With our model evaluated, we can use it to predict prices for new properties:

In [10]:
# Predictions for new properties
new_areas = np.array([65, 85, 95])
predictions = w[0] + w[1] * new_areas

print("\nPREDICTIONS FOR NEW PROPERTIES")
print("-" * 40)
for area_val, pred in zip(new_areas, predictions):
    print(f"   {area_val}m² house  →  ${pred:,.0f}")

print(f"\n(Remember: predictions have ~${rmse:,.0f} average error)")


PREDICTIONS FOR NEW PROPERTIES
----------------------------------------
   65m² house  →  $192,190
   85m² house  →  $248,027
   95m² house  →  $275,945

(Remember: predictions have ~$14,574 average error)


---

# **4. Comparison with scikit-learn**

An excellent way to validate our implementation is to compare it with the industry-standard library:

In [11]:
from sklearn.linear_model import LinearRegression
from sklearn.metrics import mean_squared_error, r2_score

# Create and train the scikit-learn model
sklearn_model = LinearRegression()
sklearn_model.fit(area.reshape(-1, 1), price)

# Predictions with scikit-learn
sklearn_pred = sklearn_model.predict(area.reshape(-1, 1))
sklearn_rmse = np.sqrt(mean_squared_error(price, sklearn_pred))
sklearn_r2 = r2_score(price, sklearn_pred)

# Compare results
print("\n" + "="*65)
print("COMPARISON: Our Implementation vs scikit-learn")
print("="*65)
print(f"\n{'Parameter':<20} {'Our impl.':<22} {'scikit-learn':<22}")
print("-" * 65)
print(f"{'w₀ (intercept)':<20} ${w[0]:>18,.2f}   ${sklearn_model.intercept_:>18,.2f}")
print(f"{'w₁ (slope)':<20} ${w[1]:>17,.2f}/m²  ${sklearn_model.coef_[0]:>17,.2f}/m²")
print(f"\n{'R²':<20} {r2:>21.4f}   {sklearn_r2:>21.4f}")
print(f"{'RMSE':<20} ${rmse:>20,.2f}   ${sklearn_rmse:>20,.2f}")
print("\n✓ Results are identical! Our implementation is correct.")
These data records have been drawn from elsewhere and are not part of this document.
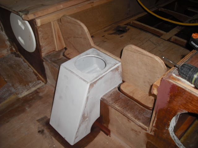 The compass binnacle, it hides the scupper into the footwell ahead of it, plus supports the rowing footrest ahead of it. That footrest will be hinged to fold down flat to enable me to move back and forth past it without tripping over it.
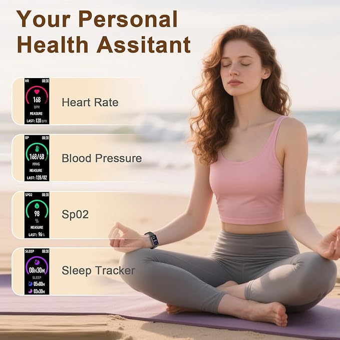 - 24-Hour Health Companion: Activity tracker monitors your heart rate 24/7 with a high-performance optical sensor,allowing you to stay tuned to your heart’s rhythm at any time. At night it automatically switches to sleep-tracking mode to deeply analyze your awake,light,and deep sleep stages—helping you scientifically improve your sleep habits and wake up with more energy.
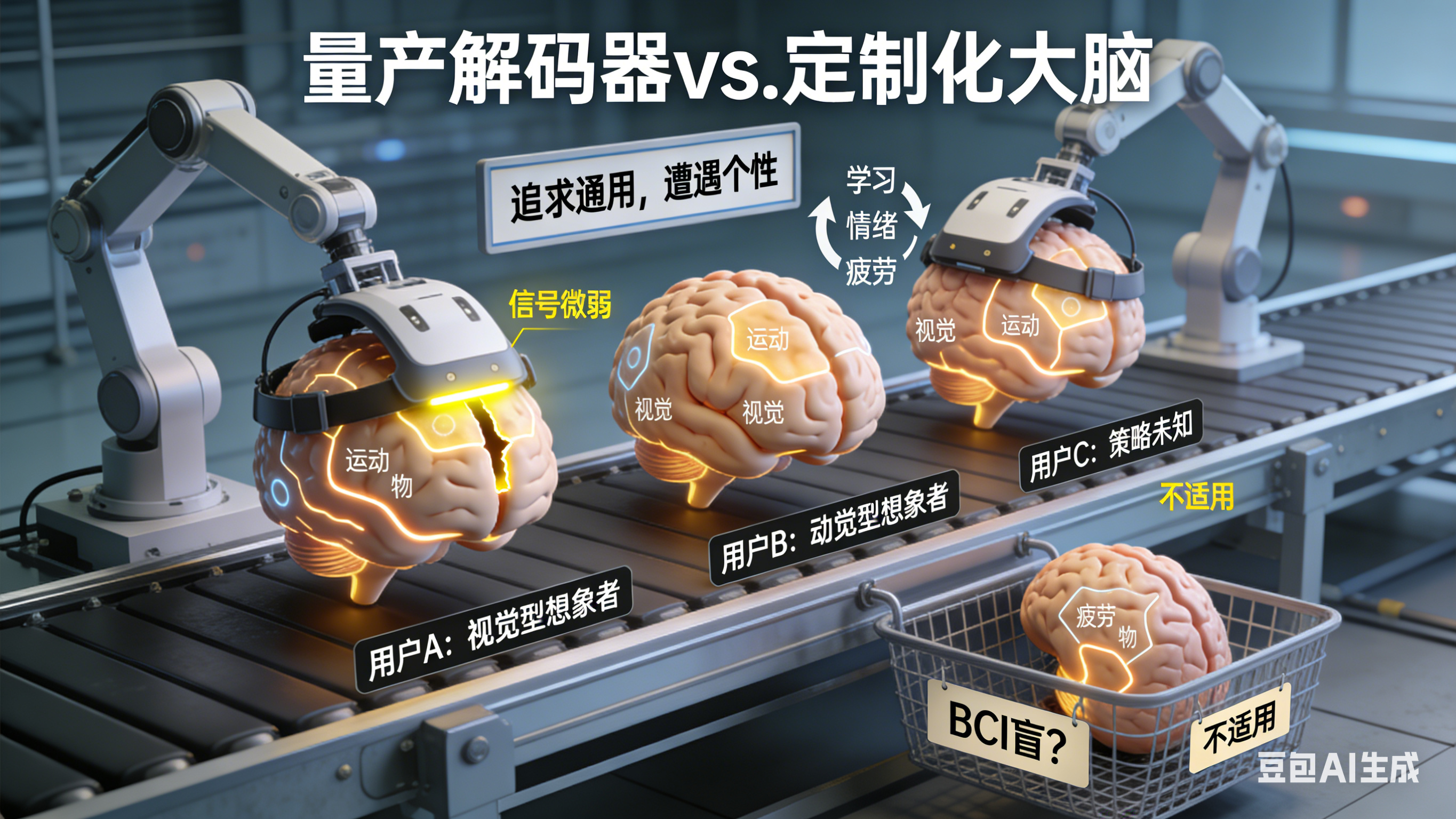 困境是环环相扣 的:信号采得糊,解码就看不懂;解码看不懂,控制就不准;控制不准,交互体验就生硬;而千变万化的大脑"方言" ,让所有环节的问题都得用个性化的方式去解决。
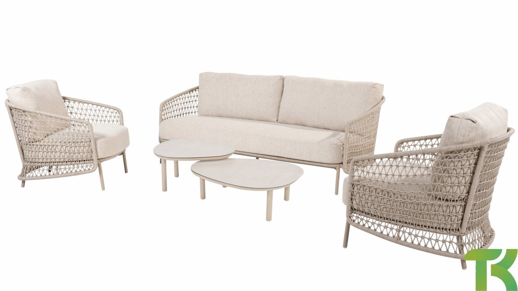 Een waar meesterwerk componeren. Er is creativiteit nodig om iets compleet nieuws te brengen. En dat is precies wat 4 Seasons Outdoor heeft gedaan: de latte-kleur van 4SO Puccini speelt de solo in zowel frame, kussens als in het verrassende rope patroon.
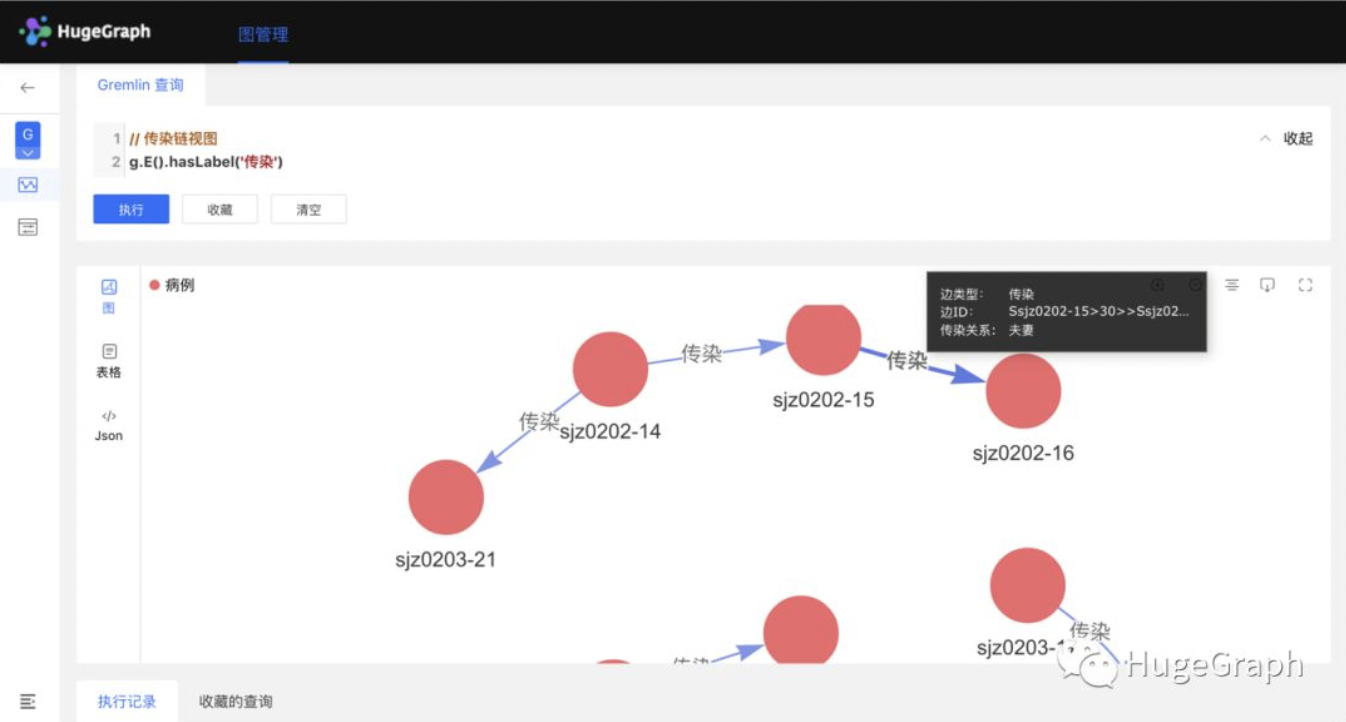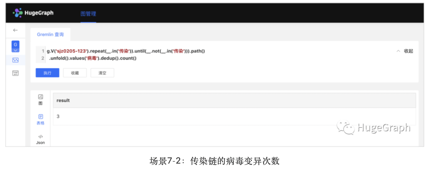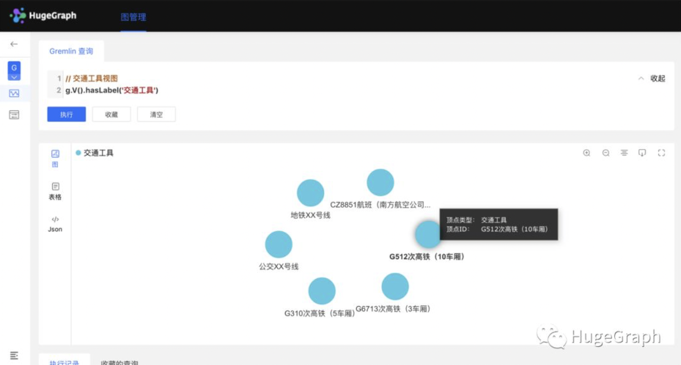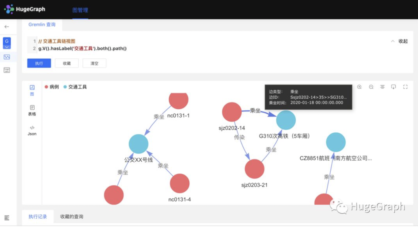 注:查询语句使用的是HugeGraph提供的标准Gremlin图查询语言,下同。
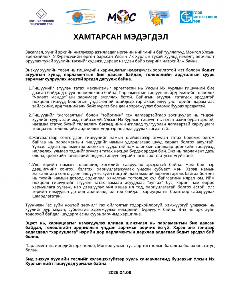 Иргэний нийгмийн байгууллагууд УИХ-ын гишүүнийг эгүүлэн татах хуулийг хэлэлцэхгүйгээр хууль санаачлагчид буцаахыг уриалж, хамтарсан мэдэгдэл гаргасан байна. Энэ мэдэгдэлд, Засаглал, хүний эрхийн чиглэлээр ажилладаг иргэний нийгмийн байгууллагууд Монгол Улсын Ерөнхийлөгч У.Хүрэлсүхийн өргөн барьсан УИХ-ын тухай хуульд нэмэлт өөрчлөлт оруулах тухай хуулийн төслийг судалж, уг хуулийг буцаах нэгдсэн байр суурийг илэрхийлж байна. Энэхүү хуулийн төсөл нь парламентын бие даасан байдал, төлөөллийн ардчиллын суурь зарчмыг сулруулах ноцтой эрсдэл үүсгэж байна гэж мэдэгджээ.

COMPARISON: Our Implementation vs scikit-learn

Parameter            Our impl.              scikit-learn          
-----------------------------------------------------------------
w₀ (intercept)       $         10,722.85   $         10,722.85
w₁ (slope)           $         2,791.81/m²  $         2,791.81/m²

R²                                  0.9001                  0.9001
RMSE                 $           14,573.71   $           14,573.71

✓ Results are identical! Our implementation is correct.


---

# **5. Advantages, Limitations, and When to Use It**

Now that we understand how it works and how to evaluate it, it's crucial to know when it's appropriate to use this method.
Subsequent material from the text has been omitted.